Church growth research is showing that the future of church growth may look like its past.

The very first Christians met in homes. The church grew through social networks and intimate interpersonal attachments. It multiplied as believers moved from one area to another starting churches wherever they went. A sea change appears to be underway in the American church returning it to its roots. The megachurch model that began in the 1970s is giving way to church planting and multiplication.

Church Growth Research

A study from Warren Bird and Dale Travis for the Leadership Network found 83 percent of pastors under age 40 “have a future vision to plant/launch.” The researchers call the findings “astounding” and “a dramatic change.”

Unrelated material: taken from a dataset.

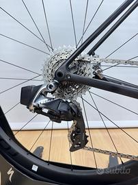 Specialized S-Works Aethos colorazione RTP (Ready to Paint) la più leggera con verniciatura grezza, modello del 2023 in taglia 54 tenuta in modo maniacale con circa 2 anni di vita, non presenta nessun tipo di graffio o segno, sempre utilizzata in modo amatoriale per uscite domenicali e mai fatto gare. Montaggio personalizzato a richiesta del cliente con gruppo Sram Red elettronico a 12 velocità con misuratore di potenza Quarq, ruote Roval Rapide C38 in carbonio con mozzi Dt Swiss 370, manubrio in carbonio S-Works, un vero missile da solo 7 Kg. La bici è stata completamente revisionata prima di essere fotografata, con pneumatici, nastro manubrio e dischi seminuovi da poco sostituiti. Verrà venduta completa di garanzia a vita sul telaio.
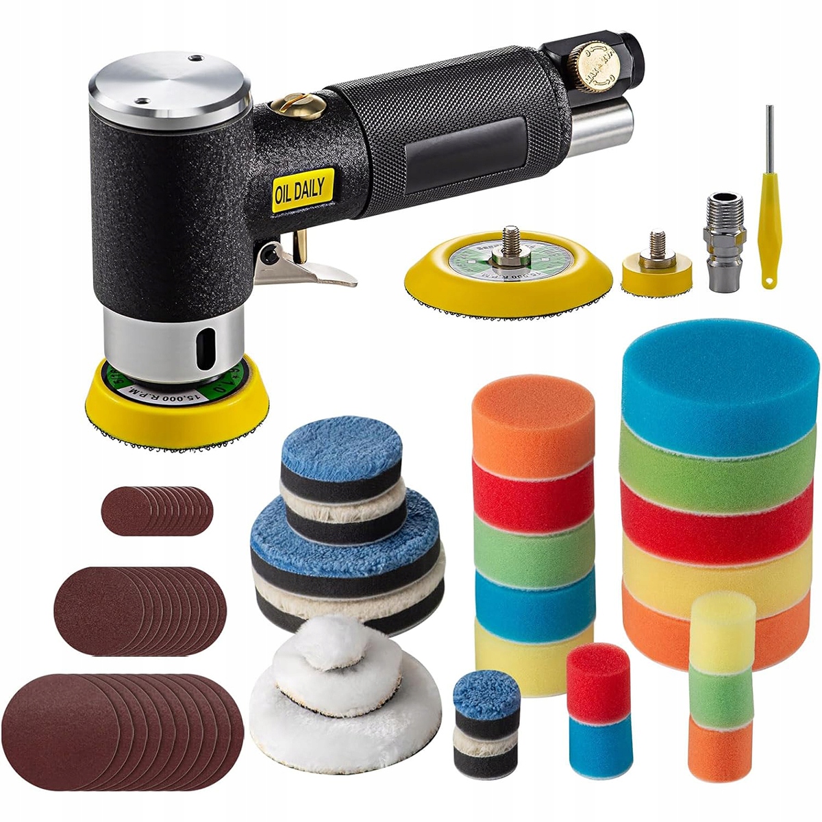 МІНІ ПОЛІРУВАЛЬНИК НА СТИСНЕНОМУ ПОВІТРІ ОСЦИЛЯЦІЙНА ШЛІФАЛЬНА МАШИНА 25/50/75 ММ НАБІР

Travis is the CEO of Leadership Network.

“When I joined Leadership Network in 1995, senior pastors of larger churches of that era desired to grow a single site and hoped for 3,000 seats in one venue where they could do two Sunday services to meet the demand. Many eventually did. Now when I meet with our Next Generation Pastors LeaderGroups, the dream has changed. Now their question is: How do we add our second and third sites to reach more people? These younger leaders now aspire not for a larger congregation on a single campus, but for a church that reaches more people across a wider geographical stance.”

The researchers consider their findings “big news” because it implies a value shift among younger pastors. It forecasts more reproduction through multisites and church planting, often with a multiplication bias that those new locations will in turn birth still others.

The research also discovered that church planters and campus pastors in their first five years at a church are 2.3 times more likely to have a vision to plant/launch than pastors who have been at the same church more than 10 years.

Bird and Travis have some theories on this finding including:

  • This statistic speaks to the fresh thinking that a pastor brings to a newly launched church or campus.
  • Newer pastors tend to be younger and younger generations think multiplication before “mega” size.

They also admit that their research sample is focused on growing, thriving churches as opposed to a random-sample group. The growth bias likely influenced the results. Even so, they say the differences are dramatic between aspirations of church planters or campus pastors at a new site versus longer-term pastors.

This wave of young pastors focused on church planting and multiplication will have to deal with a challenge that faces all new startups: sustainability.

Estimates vary widely on the survivability of church plants. A study from the North American Mission Board (NAMB) of the Southern Baptist Convention of over 1,000 churches (from 11 evangelical networks and denominations) to discover the factors leading to church plant survivability and health revealed that around 68 percent of church plants still exist four years after having been started.

Church planter Frank Viola believes the average lifespan of a house church is only six months to two years.

And some may wonder if new church plants are simply keeping up with established church closures. Southern Baptist researcher Thom Rainer believes between 8,000 and 10,000 churches close every year.